▶ _Data section_
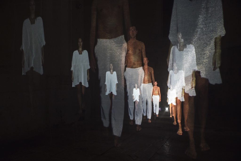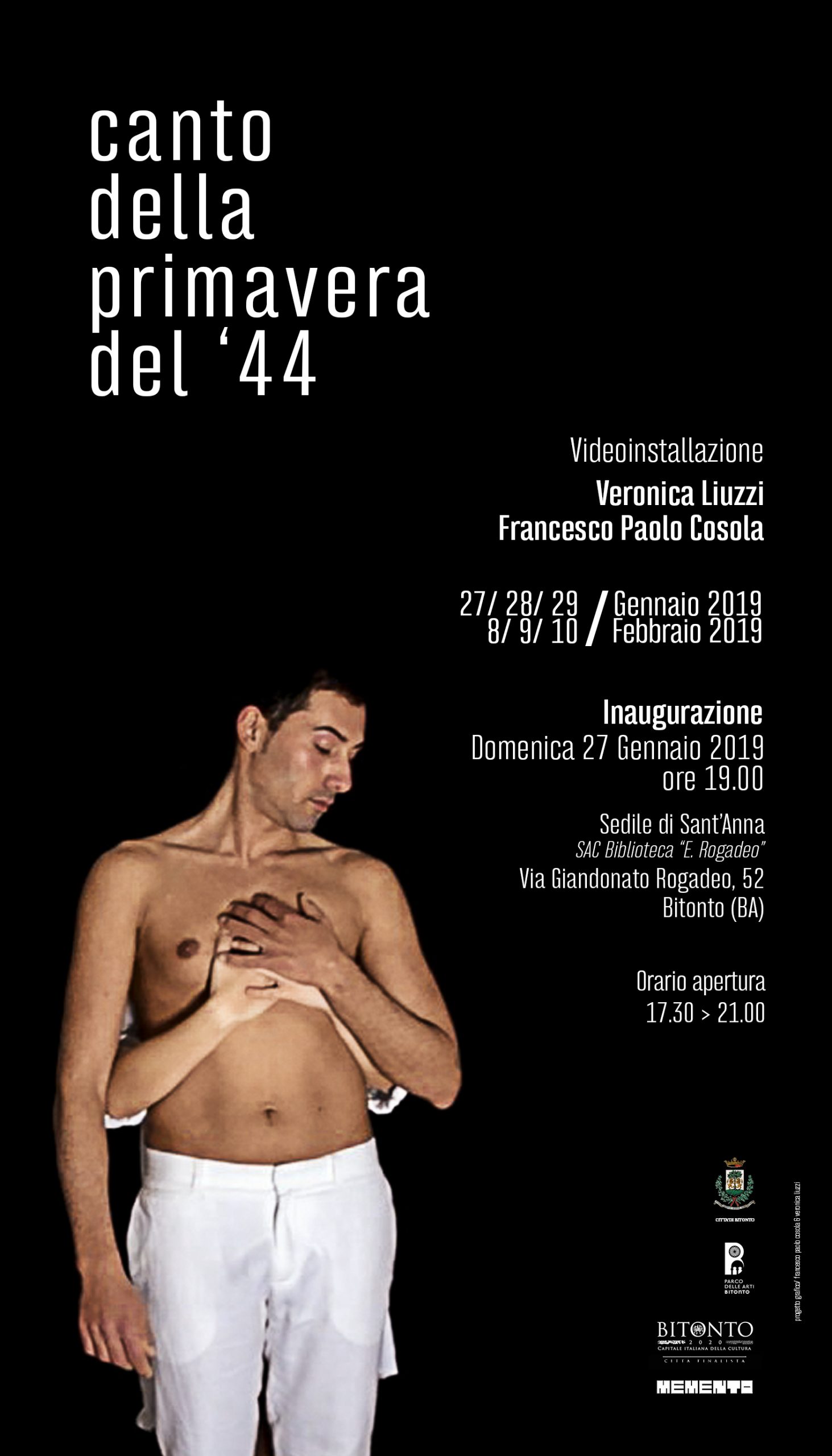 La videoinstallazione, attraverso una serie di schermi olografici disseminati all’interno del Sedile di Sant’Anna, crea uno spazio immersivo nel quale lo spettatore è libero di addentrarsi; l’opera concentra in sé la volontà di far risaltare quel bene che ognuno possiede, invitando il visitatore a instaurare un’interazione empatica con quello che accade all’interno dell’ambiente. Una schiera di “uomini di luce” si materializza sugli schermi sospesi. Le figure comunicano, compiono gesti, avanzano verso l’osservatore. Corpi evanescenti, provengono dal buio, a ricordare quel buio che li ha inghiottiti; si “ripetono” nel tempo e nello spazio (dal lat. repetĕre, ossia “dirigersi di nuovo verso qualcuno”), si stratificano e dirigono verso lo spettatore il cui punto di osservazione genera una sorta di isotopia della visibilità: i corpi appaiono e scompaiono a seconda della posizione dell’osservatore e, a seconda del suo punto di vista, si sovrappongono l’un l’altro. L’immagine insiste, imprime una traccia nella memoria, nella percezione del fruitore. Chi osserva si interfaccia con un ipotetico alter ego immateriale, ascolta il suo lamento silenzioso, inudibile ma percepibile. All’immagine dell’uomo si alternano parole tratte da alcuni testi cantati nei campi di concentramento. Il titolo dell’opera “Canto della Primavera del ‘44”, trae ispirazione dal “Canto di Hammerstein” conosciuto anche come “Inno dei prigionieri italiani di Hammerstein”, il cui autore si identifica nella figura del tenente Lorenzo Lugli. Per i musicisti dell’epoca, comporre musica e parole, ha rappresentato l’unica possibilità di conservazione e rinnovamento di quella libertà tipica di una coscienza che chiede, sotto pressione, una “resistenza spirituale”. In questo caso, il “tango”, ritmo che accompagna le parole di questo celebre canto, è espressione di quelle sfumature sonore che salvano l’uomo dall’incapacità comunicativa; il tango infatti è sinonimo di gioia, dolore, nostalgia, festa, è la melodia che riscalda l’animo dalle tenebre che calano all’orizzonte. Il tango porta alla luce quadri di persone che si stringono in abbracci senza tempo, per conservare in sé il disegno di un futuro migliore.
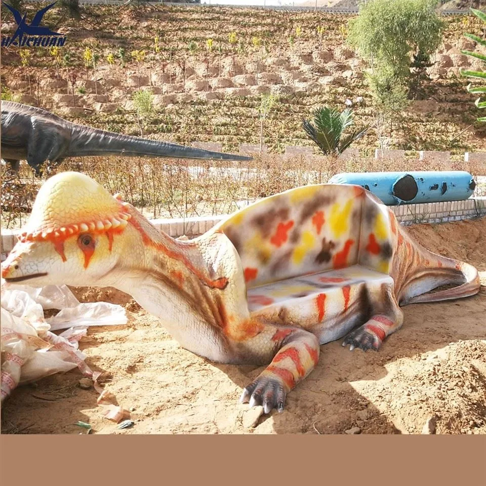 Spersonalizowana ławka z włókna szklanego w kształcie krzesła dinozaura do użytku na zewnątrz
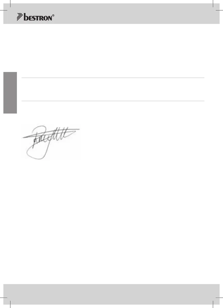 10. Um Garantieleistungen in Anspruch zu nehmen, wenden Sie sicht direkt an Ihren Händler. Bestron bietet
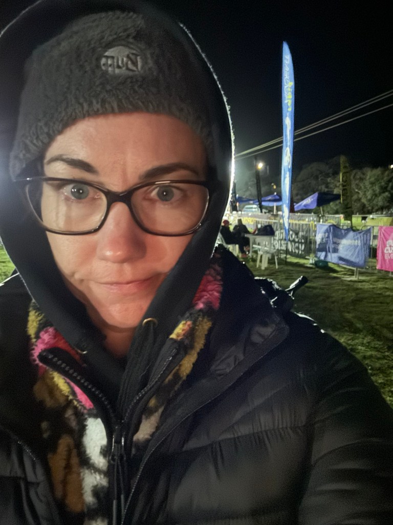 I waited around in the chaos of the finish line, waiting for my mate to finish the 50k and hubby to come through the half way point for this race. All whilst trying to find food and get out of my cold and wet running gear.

▶ _Your objective_
In your copy of the listing, please omit the pictures and keep every word exact.

▶ _Solution_
 La videoinstallazione, attraverso una serie di schermi olografici disseminati all’interno del Sedile di Sant’Anna, crea uno spazio immersivo nel quale lo spettatore è libero di addentrarsi; l’opera concentra in sé la volontà di far risaltare quel bene che ognuno possiede, invitando il visitatore a instaurare un’interazione empatica con quello che accade all’interno dell’ambiente. Una schiera di “uomini di luce” si materializza sugli schermi sospesi. Le figure comunicano, compiono gesti, avanzano verso l’osservatore. Corpi evanescenti, provengono dal buio, a ricordare quel buio che li ha inghiottiti; si “ripetono” nel tempo e nello spazio (dal lat. repetĕre, ossia “dirigersi di nuovo verso qualcuno”), si stratificano e dirigono verso lo spettatore il cui punto di osservazione genera una sorta di isotopia della visibilità: i corpi appaiono e scompaiono a seconda della posizione dell’osservatore e, a seconda del suo punto di vista, si sovrappongono l’un l’altro. L’immagine insiste, imprime una traccia nella memoria, nella percezione del fruitore. Chi osserva si interfaccia con un ipotetico alter ego immateriale, ascolta il suo lamento silenzioso, inudibile ma percepibile. All’immagine dell’uomo si alternano parole tratte da alcuni testi cantati nei campi di concentramento. Il titolo dell’opera “Canto della Primavera del ‘44”, trae ispirazione dal “Canto di Hammerstein” conosciuto anche come “Inno dei prigionieri italiani di Hammerstein”, il cui autore si identifica nella figura del tenente Lorenzo Lugli. Per i musicisti dell’epoca, comporre musica e parole, ha rappresentato l’unica possibilità di conservazione e rinnovamento di quella libertà tipica di una coscienza che chiede, sotto pressione, una “resistenza spirituale”. In questo caso, il “tango”, ritmo che accompagna le parole di questo celebre canto, è espressione di quelle sfumature sonore che salvano l’uomo dall’incapacità comunicativa; il tango infatti è sinonimo di gioia, dolore, nostalgia, festa, è la melodia che riscalda l’animo dalle tenebre che calano all’orizzonte. Il tango porta alla luce quadri di persone che si stringono in abbracci senza tempo, per conservare in sé il disegno di un futuro migliore.
 Spersonalizowana ławka z włókna szklanego w kształcie krzesła dinozaura do użytku na zewnątrz
 10. Um Garantieleistungen in Anspruch zu nehmen, wenden Sie sicht direkt an Ihren Händler. Bestron bietet
 I waited around in the chaos of the finish line, waiting for my mate to finish the 50k and hubby to come through the half way point for this race. All whilst trying to find food and get out of my cold and wet running gear.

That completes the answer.